From our point of view, many of the measures envisaged are not suitable, nor practical, for ensuring a higher level of player protection. At the same time, however, they are designed in such a way that the controls come at the expense of satisfactory gaming participation (user journey) by customers and lower conversion rate by providers.
How to seize the opportunities
The issues described above lead to a very insecure situation for gambling and betting providers who might not have the necessary knowledge and skills to implement the necessary controls. They need to find someone with an extensive knowledge of the regulations in different countries and the right service provider who is able to provide a compliant solution for every situation and jurisdiction.
Additionally, they have to take into account their limited IT resources to implement all the different processes, have workflows with a consistent look & feel, and data storage that fits their business cases while being compliant at the same time. A very cost intensive but necessary procedure.
Ideally, gambling and betting providers could rely on just one connector which provides all the tools in one solution. This is what we call strategic flexibility. In this scenario, the provider would be able to switch tools on or off according to its current and future business models and regulatory requirements. The approach would include easy access to a workflow engine that allows flexible management of the different tools according to conversion results and cost issues. The offering will be rounded off with a leading-edge technical connection from one back end to the other, relieving the pressure on IT resources.

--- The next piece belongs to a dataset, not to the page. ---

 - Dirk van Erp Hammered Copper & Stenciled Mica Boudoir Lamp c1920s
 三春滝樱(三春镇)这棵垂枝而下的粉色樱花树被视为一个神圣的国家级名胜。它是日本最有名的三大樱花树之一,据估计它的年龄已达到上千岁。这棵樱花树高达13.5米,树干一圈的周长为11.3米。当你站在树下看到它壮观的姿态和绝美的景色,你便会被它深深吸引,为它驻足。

The diagram shows the described approach from user registration to player activation, relying on the functionalities provided by a multi-service platform. As best practice, this process contains a fraud check early on in the customer interaction to verify multiple accounts, fake names, and detect other fraud patterns. Consequently, cost intensive KYC checks such as PEP and Sanction List checks or video identifications are performed only on ‘good’ registrations. Depending on the result, the identification process starts with a reliable data check, based on databases such as CRIFBÜRGEL. A positive result initiates authentication; alternatively, an ID scan for offering temporary play is another option. This approach ensures that additional verification costs are restricted to the genuine potential customers.

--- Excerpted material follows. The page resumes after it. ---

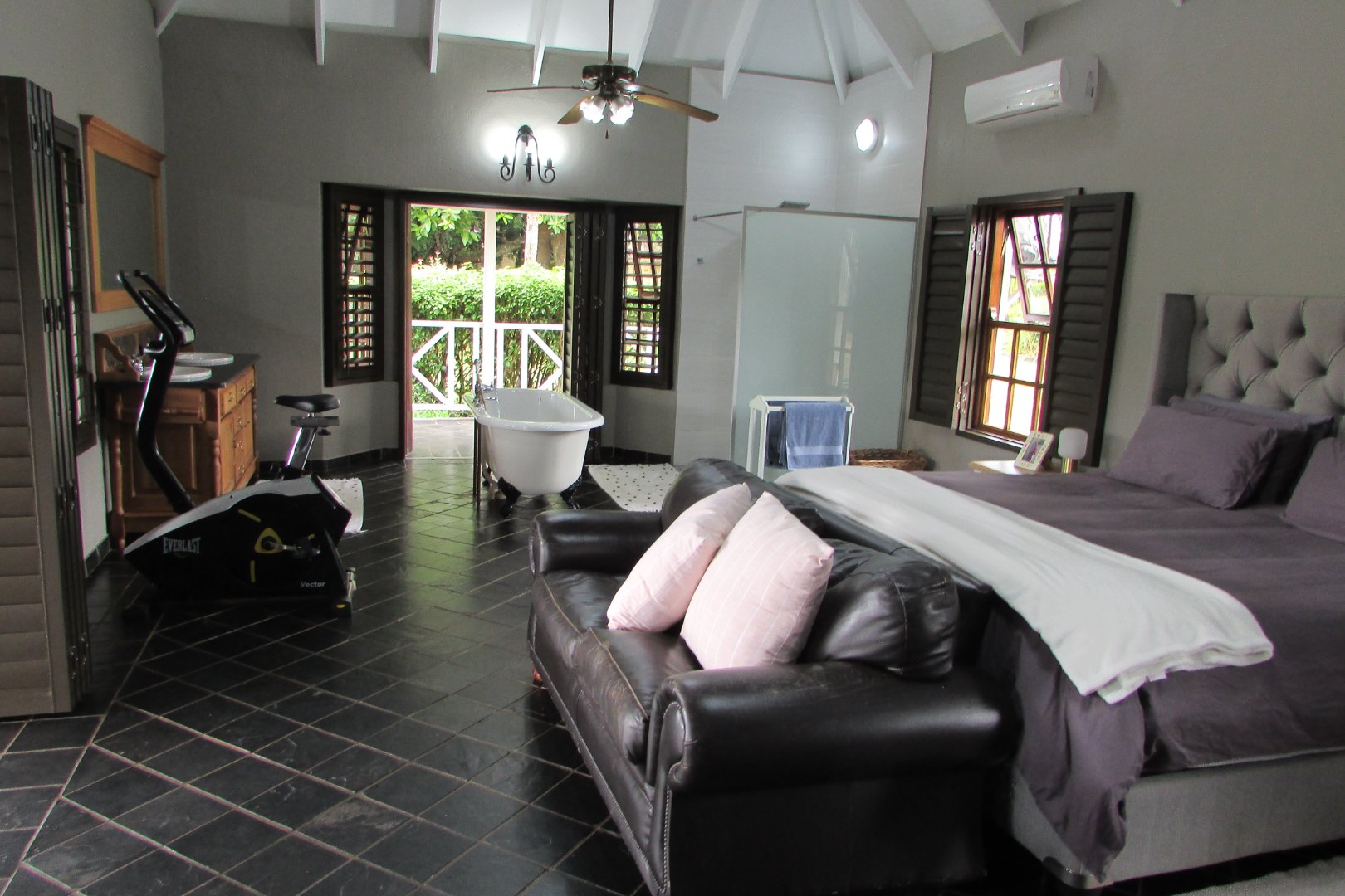 Main en-suite bedroom with open-plan bath & shower, walk-in closet, 2 air conditioners & private balcony

Change as an opportunity for business growth
Being compliant is challenging. At the same time, successful, responsible companies recognize it as a chance to automate and simplify processes. Information service providers such as CRIFBÜRGEL are playing an important role in supporting this transformation process and providing leading-edge solutions to optimize KYC procedures, comply with AML and CFT regulations, undertake risk management, identify potentially fraudulent activity, and improve and upgrade business rules to ensure regulatory compliance. We want the operators to focus on their core competencies and we focus on ours, the compliance stuff.